Je quitte la chambre d’Isabelle devenue la mienne pour aller monter dans l’ascenseur que Éric Tuttavilla, alors bien malade, avait fait installer quelques mois avant son décès. Directement, je me dirige vers l’office pour aller récupérer mon café que le bras du bot-cuisinier m’a versé dans une grande tasse. Tandis que je me pose dans l’un des canapés pour demeurer informer des dernières nouvelles du monde, les fortes vibrations de mon bracelet m’indiquent qu’un proche cherche à me contacter.

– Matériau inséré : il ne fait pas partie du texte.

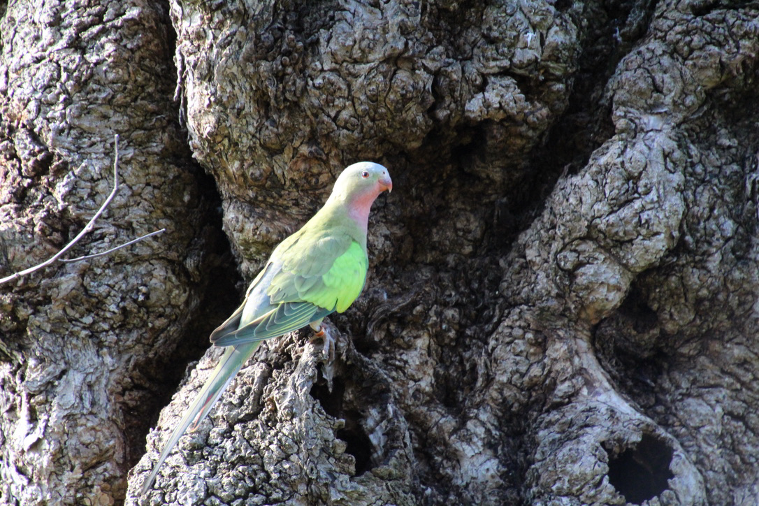 A more subtle colouring can be found on the Princess Parrot (Polytelis anthopeplus), described as an elegant but elusive nomad of the west and central desert areas of Western Australia and the Northern Territory. The Great Sandy Desert is the main distribution area, but there have been sightings across much of the arid areas of the country. Young birds have a pale olive head; this develops into a lilac-blue crown, contrasted by a pink throat.

Je consulte le cadran fixé à mon poignet pour découvrir que c’est Claire qui me téléphone pour me souhaiter mon anniv…

Immédiatement, je place mes mains de chaque côté du crâne et constate que j’ai oublié dans ma chambre mon IND[1], une sorte de fin bandeau, fabriqué dans un récent matériau ultra mince et ultra léger. C’est Chloé qui a tenu à me l’offrir depuis Los Angeles, le réceptionnant la veille au courrier. Bien que mon anniversaire soit aujourd’hui, je n’ai pu résister à l’envie d’ouvrir ce cadeau royal, devinant ce qu’il y avait à l'intérieur.

À part sa souplesse, son extrême minceur et son côté pratique, ma nouvelle IND est équipée d’une caméra frontale de la taille d’un petit pois, dénommé troisième œil en raison de sa forme évoquant le globe oculaire. De plus, la notice me renseigne sur la manière d’utiliser le microphone miniaturisé, les OCO, c’est-à-dire les oreillettes à conduction osseuse, ainsi que les capteurs neuronaux qui traduisent les signaux électriques de mon cortex en n’importe quelle action à distance. Ainsi, muni de cette merveille de technologie, je peux intervenir tant que je veux et où je veux et sur n’importe quels appareils numériques présents dans cette pièce ou se situant à n’importe où sur terre, voire dans l’espace. Mon appétit pour les objets high-tech a toujours sidéré Claire qui estime que je n’ai plus besoin de ces technologies dernier cri, vu mon grand âge. Que lui répondre quand ce type de remarque vous touche de plein fouet, et surtout quel culot de sa part lorsque, à maintes reprises, j’ai surpris ma délicieuse épouse se complaire dans tout ce que la société moderne lui apportait ? Ce qui ne doit pas m’étonner !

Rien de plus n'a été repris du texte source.